La Convention pour la protection des droits des travailleurs migrants et des membres de leurs familles du 18 décembre 1990 (Cmw, le même que son comité).

Convention relative aux droits des personnes handicapées de 13 décembre 2006 (Crpd, le même que son comité).

Concernant le Comité des droits de l’Homme, il reçoit, en plus des rapports de situation des Etats, il est compétent, en vertu du premier Protocole facultatif dudit Pacte, pour connaître des «communications» individuelles soumises par des citoyens de l’Etat partie. C’est cette possibilité qui a permis sa saisine par Monsieur Karim Wade.

Les observations du comité des droits de l’Homme

Le premier Protocole facultatif au Pidcp du 16 décembre 1966 est relatif à la faculté offerte aux particuliers de porter à l’examen du Cdh la violation d’un de leurs droits contenus dans le Pacte (le deuxième est relatif à l’abolition de la peine de mort). «C’est le droit de recours individuel qui donne à la notion de droits de l’Homme sa signification concrète.»(Fiche d’information nr.7/rev.2 du Hcdh). En effet, les droits de l’Homme sont dans leur nature attachés à la personne, individuellement considérée. En permettant à leurs citoyens de recourir à un «arbitrage» extérieur de ses droits qu’ils considèrent violés, les Etats parties à ces deux instruments, parmi lesquels le Sénégal, ont exprimé une ferme volonté de franchir de nouvelles étapes dans la garantie des droits et libertés individuelles et collectives. C’est cette possibilité que M. Karim Wade a mise à profit pour porter son affaire devant cette instance.

Le document officiel du Cdh portant «Constatations adoptées par le Comité au titre de l’article 5 (par.4) du Protocole facultatif, concernant la communication n° 2783/2016» (celle de M. Karim Wade), fixe dès la première page, sous forme de préambule, «la question de fond» sur laquelle elle accepte comme entrant dans sa sphère de compétence, à l’exclusion de toutes les autres considérations et demandes du requérant : «Droit de faire examiner la déclaration de culpabilité et la condamnation par une juridiction supérieure.» Le débat qui s’est posé sur cette question est ce qu’il faut entendre par «juridiction supérieure» dans l’esprit du Pacte. Pour Karim Wade, c’est une juridiction d’appel contre l’arrêt de la Crei qui n’existe pas ; d’où la violation de cette disposition du Pacte. Pour l’Etat du Sénégal, le pourvoi devant la Cour de cassation répond bien à la question de la juridiction supérieure. Au paragraphe 13 de ses constatations, le Cdh a retenu qu’«en l’espèce, la déclaration de culpabilité et de condamnation contre l’auteur doit être réexaminée, conformément aux dispositions du paragraphe 5 de l’article 14 du Pacte. L’Etat partie est tenu de veiller à ce que des violations analogues ne se reproduisent pas dans l’avenir». En d’autres termes, le Cdh, d’une part, donne raison à Karim Wade dans son interprétation de la «juridiction supérieure» qui est l’instance d’appel dont le défaut constitue une violation des dispositions pertinentes du Pacte. D’autre part, le Cdh demande à l’Etat du Sénégal de prendre des mesures pour la non répétition de cette anomalie d’absence d’appel contre les arrêts de la Crei. Il est enfin demandé à l’Etat du Sénégal, dans le paragraphe 14, d’indiquer dans le délai fixé par le Pacte (6 mois) quelles sont les mesures qu’il va prendre dans le sens qu’il a indiqué.

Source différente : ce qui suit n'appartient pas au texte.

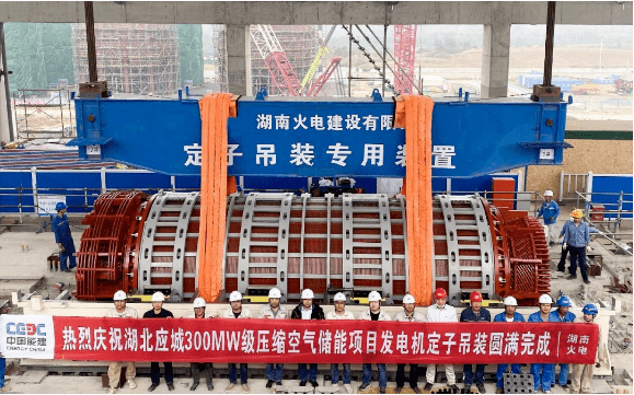 近日,PA视讯电机研制供货的湖北应城300兆瓦级压缩空气储能电站示范工程全空冷发电机内定子吊装圆满完成,对项目高质量按期投产具有里程碑意义。

Les termes du document sont suffisamment clairs pour ne pas se méprendre sur la compétence du comité des droits de l’Homme en sur-dimensionnant la portée de ses constatations. Comme le souligne la fiche d’information du Haut-commissariat des Nations unies pour les droits de l’Homme portant procédure d’examen des requêtes soumises par les particuliers en vertu des instruments des Nations unies relatifs aux droits de l’Homme de 2013, à la page 11 : «Les décisions des comités sont une interprétation des instruments pertinents qui fait autorité. Elles contiennent des recommandations adressées à l’Etat partie concerné, mais elles ne sont pas juridiquement contraignantes. Tous les comités ont adopté des procédures leur permettant de surveiller l’application de leurs recommandations par les Etats parties (dites procédures de suivi) en partant du principe que les Etats parties qui ont accepté les mécanismes d’examen de requêtes ont par là même accepté de respecter les conclusions des comités.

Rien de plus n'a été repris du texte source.